General characteristics
- Class & type: La Salle-class transport
- Displacement: 5,933 long tons (6,028 t)
- Length: 459 ft 2 in (140 m)
- Beam: 63 ft (19 m)
- Draft: 23 ft (7 m)
- Propulsion: Steam turbine, single shaft, 6,000 hp (4,474 kW)
- Speed: 16.5 knots (30.6 km/h; 19.0 mph)
- Troops: 1,676 men
- Complement: 316 officers and enlisted
- Armament: 1 × 5"/38 caliber gun; 4 × 3"/50 caliber guns; 12 × 20 mm guns;

= USS La Salle (AP-102) =

The first USS La Salle (AP-102) of the United States Navy was the lead ship of her class of transport ships in use during the latter part of World War II.

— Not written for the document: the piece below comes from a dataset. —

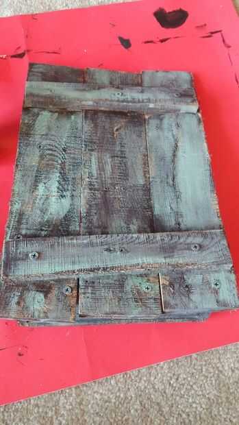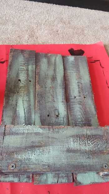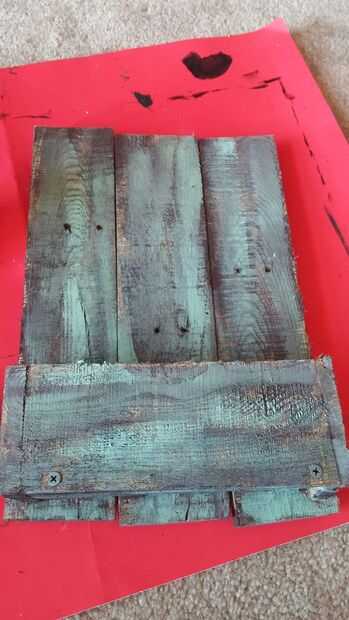 después el marrón seco en su mayor parte, mezclé el amarillo y marrón, azul y blanco para hacer un color verde mar. He añadido una cantidad considerable de agua a la mezcla antes de aplicar a la madera. utilizando la misma técnica (poca pintura en el pincel y pinceladas) añadí la capa verdosa. después de que seca, ligeramente he añadido una capa más ligera de un verde más brillante con menos agua mezclado. Dejo este seco antes de continuar con la inscripción

The ship was laid down on 29 April 1942 under Maritime Commission contract as the Type C2 ship SS Hotspur by Moore Dry Dock Company, Oakland, California, launched on 2 August 1942, sponsored by Mrs. Naomi S. Kehoe, acquired by the Navy on 18 March 1943, and commissioned as Hotspur on 31 March 1943.

==Service history==
Renamed La Salle on 6 April 1943, she left Naval Base Ventura County in Port Hueneme, California on 14 April with Seabees for Guadalcanal, returning to San Francisco on 10 July. On 7 August, she departed from Port Hueneme, California, carrying contingents of United States Navy Argus Units 7,8 and 9, the Ninth Special Construction Battalion and the Fifth Special Medical Unit all bound for operations in the South Pacific. From there she steamed to Wellington, New Zealand, arriving on 27 October. There and in the New Hebrides, she conducted simulated attacks and landing boat exercises with marines in preparation for the assault on Tarawa, for which she sailed on 13 November with Task Force 53. She arrived off the invasion beaches on 19 November, and was shelled by enemy shore batteries early the next morning, suffering no serious damage. She cleared Tarawa the 24th and steamed to San Diego, where she arrived on 13 December to prepare for the invasion of the Marshalls.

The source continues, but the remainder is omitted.